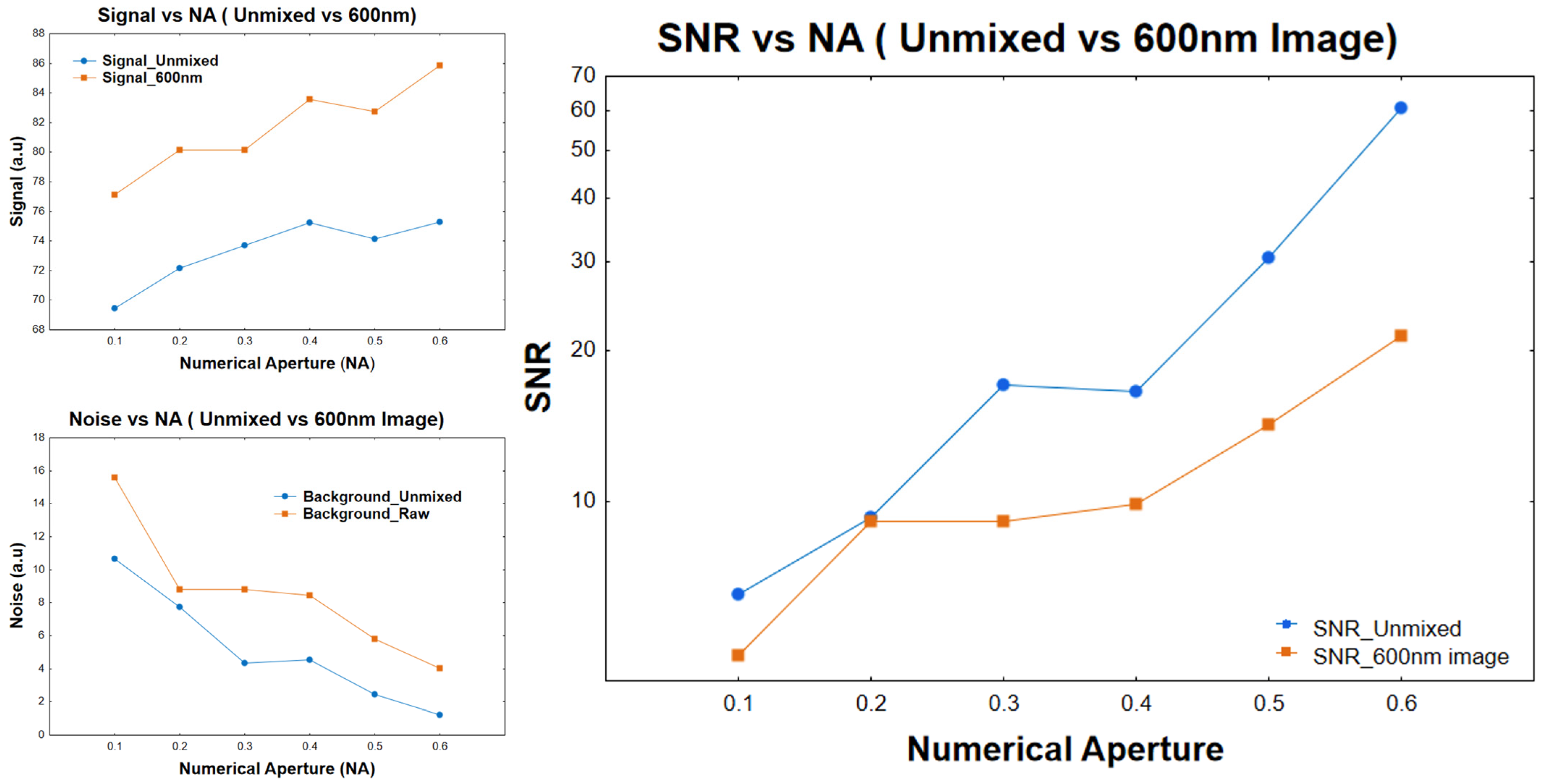 Overall, spectral unmixing has emerged as a powerful computational approach in many applications of histology and cytology research. By successfully isolating overlapping signals and removing optical artifacts introduced in the image by refraction, it significantly enhances the precision of DNA quantitation, reduces measurement variability, and appears to improve the utility of texture feature measurements. These findings suggest that incorporating spectral unmixing into standard image cytometry workflows may provide a more accurate framework for quantitative pathology. From a computational perspective, spectral unmixing is scalable and can be easily applied to larger datasets and whole-slide images. The primary concerns are image size and processing time, which can be addressed through increased memory or GPU acceleration. As such, the approach is compatible with high-throughput workflows and can be extended to larger studies without methodological limitations.
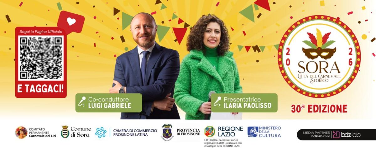 Sora Città del Carnevale Storico festeggia un trentennale da primato, e alla conduzione della parata del 17 febbraio ci sarà quest’anno il presidente di Consumerismo No Profit, Luigi Gabriele, giornalista consumerista e volto noto dei principali palinsesti economici del Paese, che torna nella sua città natale per presentare la manifestazione assieme alla collega Ilaria Paolisso.
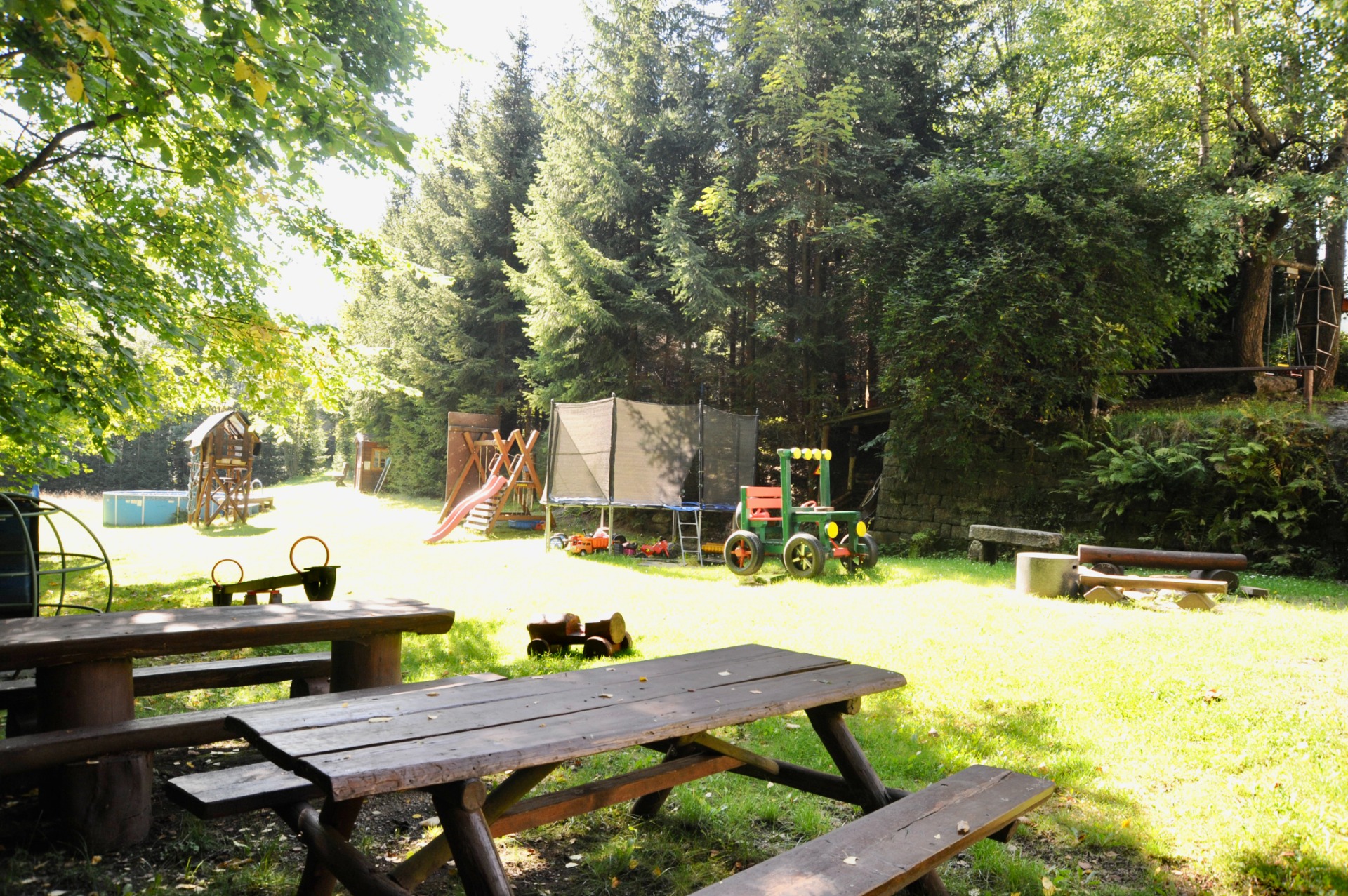 Naše chalupa leží na klidném místě u lesa, malé louky a potoka v Jizerských horách. Děti tu mají prostor běhat, lézt, skákat, objevovat a být celé dny venku. V létě je čeká trampolína, bazén, prolézačky, houpačky i potok, kde můžou stavět hráze, chytat pulce a hrát si celé hodiny.

**Requirement**
The data above must be written out again word for word, without its pictures.

**Exercise answer**
 Overall, spectral unmixing has emerged as a powerful computational approach in many applications of histology and cytology research. By successfully isolating overlapping signals and removing optical artifacts introduced in the image by refraction, it significantly enhances the precision of DNA quantitation, reduces measurement variability, and appears to improve the utility of texture feature measurements. These findings suggest that incorporating spectral unmixing into standard image cytometry workflows may provide a more accurate framework for quantitative pathology. From a computational perspective, spectral unmixing is scalable and can be easily applied to larger datasets and whole-slide images. The primary concerns are image size and processing time, which can be addressed through increased memory or GPU acceleration. As such, the approach is compatible with high-throughput workflows and can be extended to larger studies without methodological limitations.
 Sora Città del Carnevale Storico festeggia un trentennale da primato, e alla conduzione della parata del 17 febbraio ci sarà quest’anno il presidente di Consumerismo No Profit, Luigi Gabriele, giornalista consumerista e volto noto dei principali palinsesti economici del Paese, che torna nella sua città natale per presentare la manifestazione assieme alla collega Ilaria Paolisso.
 Naše chalupa leží na klidném místě u lesa, malé louky a potoka v Jizerských horách. Děti tu mají prostor běhat, lézt, skákat, objevovat a být celé dny venku. V létě je čeká trampolína, bazén, prolézačky, houpačky i potok, kde můžou stavět hráze, chytat pulce a hrát si celé hodiny.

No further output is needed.